We talked for an hour or so on general themes: the school as community, how to create an ethos, and so on. Suddenly, I realised that we were thinking along the wrong lines. The problem she faced was practical, not philosophical. I said: “I want you to live one word: celebrate.” She turned to me with a sigh: “You don’t understand – we have nothing to celebrate. Everything in the school is going wrong.” “In that case,” I replied, “find something to celebrate. If a single student has done better this week than last week, celebrate. If someone has a birthday, celebrate. If it’s Tuesday, celebrate.’ She seemed unconvinced, but promised to give the idea a try.

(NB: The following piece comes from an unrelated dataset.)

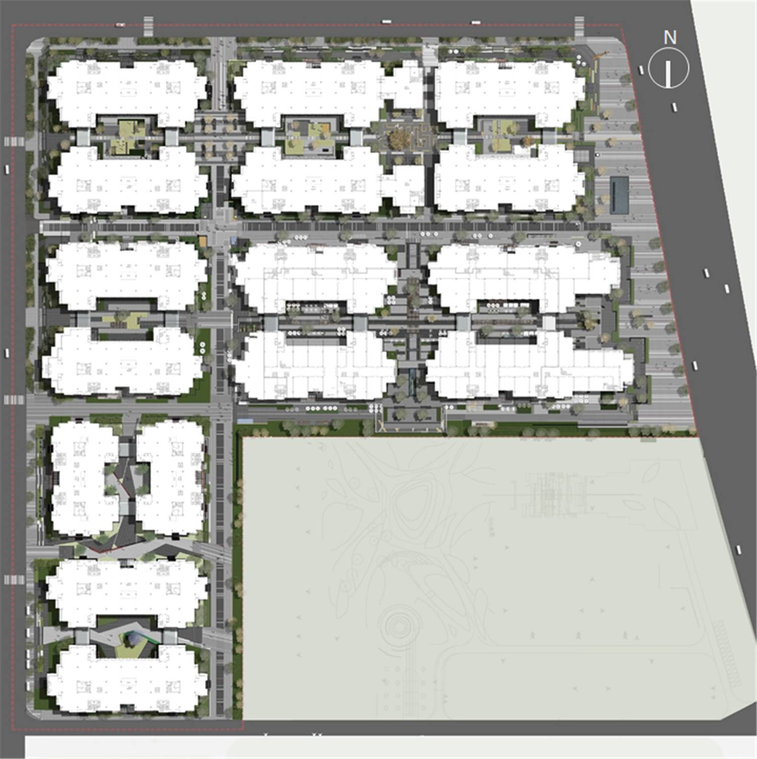 The project is divided into three phases of development. The first phase has a construction area of 96,997 square meters and a building area of 40,955 square meters. It is mainly an enterprise office building. The architectural planning layout is one vertical and two horizontal. The three streets divide the office area into six building courtyards, of which 5 A ground courtyard is connected to the first floor of the building, and the other is on the roof of the second and third floors of the building. The fire lanes of the entire project are allowed to be treated as invisible lanes, which also provides opportunities for the continuity and integrity of the ground pavement.
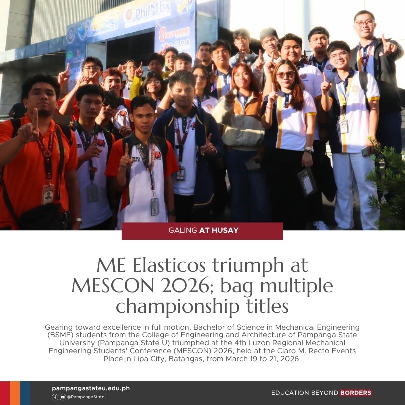 Gearing toward excellence in full motion, Bachelor of Science in Mechanical Engineering (BSME) students from the College of Engineering and Architecture of Pampanga State University (Pampanga State U) triumphed at the 4th Luzon Regional Mechanical Engineering Students’ Conference (MESCON) 2026, held at the Claro M. Recto Events Place in Lipa City, Batangas, from March 19 to 21, 2026.

Now, eight years later, she was writing to tell me what had happened since then. Examination results at high grades had risen from 8 percent to 65 per cent. The enrollment of pupils had risen from 500 to 1000. Saving the best news to last, she added that she had just been made a Dame of the British Empire – one of the highest honours the Queen can bestow – for her contribution to education. She ended by saying that she just wanted me to know how a single word had changed the school, and her life.

She was a wonderful teacher, and certainly did not need my advice. She would have discovered the answer on her own anyway. But I was never in any doubt that the strategy would succeed, for we all grow to fill other people’s expectations of us. If they are low, we remain small. If they are high, we walk tall.

The idea that each of us has a fixed quantum of intelligence, virtue, academic ability, motivation and drive is absurd. Not all of us can paint like Monet or compose like Mozart. But we each have gifts, capacities, that can lie dormant throughout life until someone awakens them. We can achieve heights of which we never thought ourselves capable. All it takes is for us to meet someone who believes in us, challenges us, and then, when we have responded to the challenge, blesses and celebrates our achievements. That is what Moses did for the Israelites after the sin of the Golden Calf. First he got them to create, and then he blessed them and their creation with one of the simplest and most moving of all blessings, that the Shechinah should dwell in the work of their hands.

Celebration is an essential part of motivating. It turned a school around. In an earlier age and in a more sacred context it turned the Israelites around. So celebrate.

When we celebrate the achievements of others, we change lives.

May we be creative in finding meaningful ways to make a difference and then celebrate the ways in which we save lives.  May we challenge each other to try to realize the potential that each of us has to make a unique gift to our world.